Muhammed told me that in Islam, good deeds and bad deeds are piled high on a scale, with sin weighing twice the amount of a good deed. Dunya (the material world) is a test, and Muslims try to pass this test by taking responsibility for their actions, both good and bad. Young men, creating their identities with aggressive, antisocial masculinity have found themselves unable to balance this scale, seeking to reclaim what they feel was taken from them through acts of hyper-masculinity and violence. Young men who no longer see themselves in the world around them seek to change this through the adoption of poisonous, extreme white-supremacist beliefs.

In the wake of the terror attacks, Ahmed Kilani, a prison chaplain at Goulburn Supermax in New South Wales, seemed to predict the tragedy when he commented: “I always said a white supremacist guy will make our Muslim prisoners [convicted of terrorism] look like boy scouts.”

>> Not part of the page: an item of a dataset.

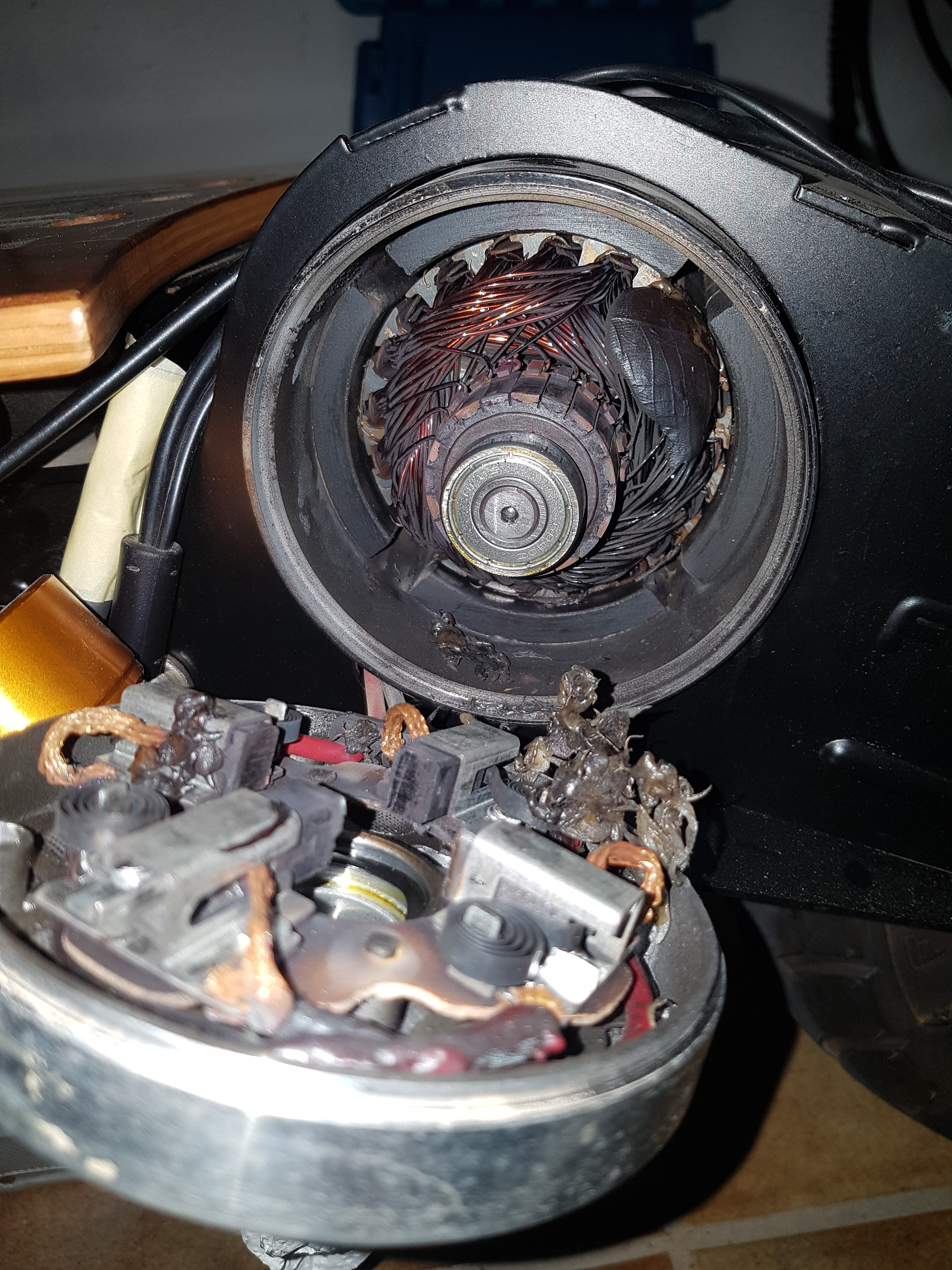 Für mich hört sich das an, als ob eine Wicklung im Lichtbogen verdampft ist, wenn das Geräusch aus dem Motor gekommen ist!

Both factions have stoked each other’s convictions, with miserable results. The imbalance has occurred. The scale was tipped on 15 March 2019 as the terrorist acted to right perceived insults, establish his warped perception of the world, and 51 Muslims said goodbye to their families, left the house, and never returned home.

It has been said that masculinity and ethnicity, “abrade, inflame, amplify, twist, negate, dampen and complicate each other.” When I consider Muhammed’s need to prove himself through gang membership, or my attempt to reconnect with my heritage through a tattoo, or the tragic consequences of abhorrent actions, I see a response to an environment in which young men feel they have very limited power. I see alienation determined by class and ethnicity, enacted in masculine terms. I see an attempt to reclaim identity through the most evil act capable of a human being.

My cedar is always with me. I need only look down to see its length and breadth, it’s foundation, bare below my shorts, spread across the top of the nerve endings in my knee—the most painful part. I earnt the right to honour my family forever, with pride. I earnt the right to attract stares after years of insults about bombs and guns, statements from people I thought were my friends that I “wasn’t that Lebanese”, as if my identity was a social privilege to be given and taken away. My own inability to pronounce my names right, the worst shame of all.

It can’t be taken from me now. I have made sure of that. So look at it. Admire it. Feel fear, repulsion, attraction in equal parts. I don’t care. It’s mine. I have staked my claim to my own identity.

After the Christchurch shooter was sentenced, the media called for a prisoner swap with Australia, to save the millions it will cost to keep him in prison for life without parole.

He is from New South Wales and would be housed in the Goulburn correctional centre, a super-maximum-security prison facility only for males. In Goulburn supermax, the majority of prisoners believe in Salafi-Jihadism, due to its cut and dried sense of right and wrong, and its fundamental, politicised version of Salafism. It calls for active expression of belief over personal observance of the teachings of Islam. It’s a coping mechanism, providing a structured routine for young men in an ultra-hostile environment where your survival is dictated by your ability to cope. After all, there’s not much to do in prison except wait, pray, and train. Train for the day your enemies are in front of you. Train for when you can take what is owed to you, even if that means tearing someone open from limb to limb.

They call Goulburn supermax, “Goulburn supermosque” because if you’re not Muslim in there: Good luck to you. Justice will be enacted, in its most bare terms.